The current format that I use for my cards includes fields for the word in Swedish, the definition, the inflections, and examples. It would already be fantastic to be able to extract this data from the XML file and produce a comma, semicolon or tab-separated text file.
Even better would be to have a way to extract all the idioms, and separate the ones from the same entry every time there is a comma.
Even more amazing (but now entering the realm of language learning OCD) would be to automatically capitalize the example sentences and add a period at the end of the sentence (which is indicated by a space followed by an opening bracket) if there's no other punctuation mark.
Being able to do this would save me a considerable amount of time. I'm therefore ready to commit a reasonable amount of effort to making it work...

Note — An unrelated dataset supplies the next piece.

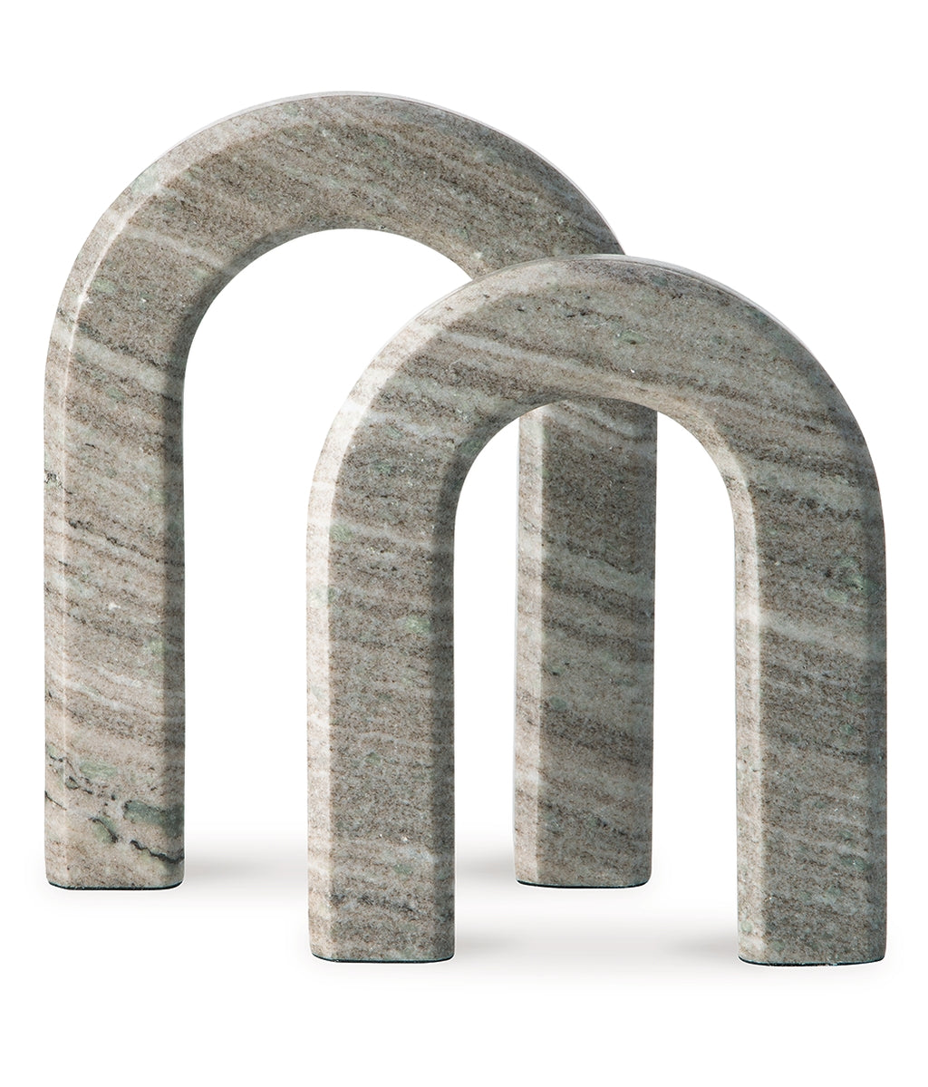 Timeless with its architectural silhouette, this sculpture set elevates your decor with the beauty of natural stone. The taupe marble construction is equally classic and contemporary. Displayed together or placed separately, these pieces maintain a refined look.

Can anyone the best tools for this (preferably on OSX, but I can find a computer that runs Windows if necessary)? If you can't/don't want to walk me through how to do this step by step, what are some good tutorials that might help me figure it out?
ord noun, word
See Saldo: associations inflections
Inflections: ordet, ord, orden
Synonyms: glosa, glosor
Explanation: minsta självständiga språkliga enhet
Example: fula ord (foul language, swearwords),
säg inte ett ord till någon! (don't say a word to anyone!)

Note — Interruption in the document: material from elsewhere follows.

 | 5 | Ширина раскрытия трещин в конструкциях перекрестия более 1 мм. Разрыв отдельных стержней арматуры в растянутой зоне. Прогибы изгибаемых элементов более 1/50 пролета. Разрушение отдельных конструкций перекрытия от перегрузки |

Idiom: med andra ord ("annorlunda uttryckt") (in other words ("put in another way")),
ord för ord ("ordagrant") (word for word ("literally verbatim")),
ha ord om sig ("vara känd för") att vara snål (be known to be mean),
innan man vet ordet av ("mycket snabbt") (before I knew where I was ("very quickly")),
ta till orda ("börja tala") (begin to speak),
hålla sitt ord ("hålla vad man lovat") (keep one's word ("do what one has promised")),
begära el. ha ordet ("vilja hålla el. hålla ett anförande") (ask to speak (ask for the floor) or have the floor ("want to address, or address, a gathering")),
ordet är fritt ("vem som helst får yttra sig") (the debate is open ("anyone may speak")),
ta någon på orden ("tro på vad någon säger") (take sby at their word ("believe what sby says")),
ha sista ordet ("vara den som bestämmer") (have the last word ("be the one to decide"))
Compounds: glåpord (taunt, jeer),
ord|följd (word order),
ord|lista (word list, glossary)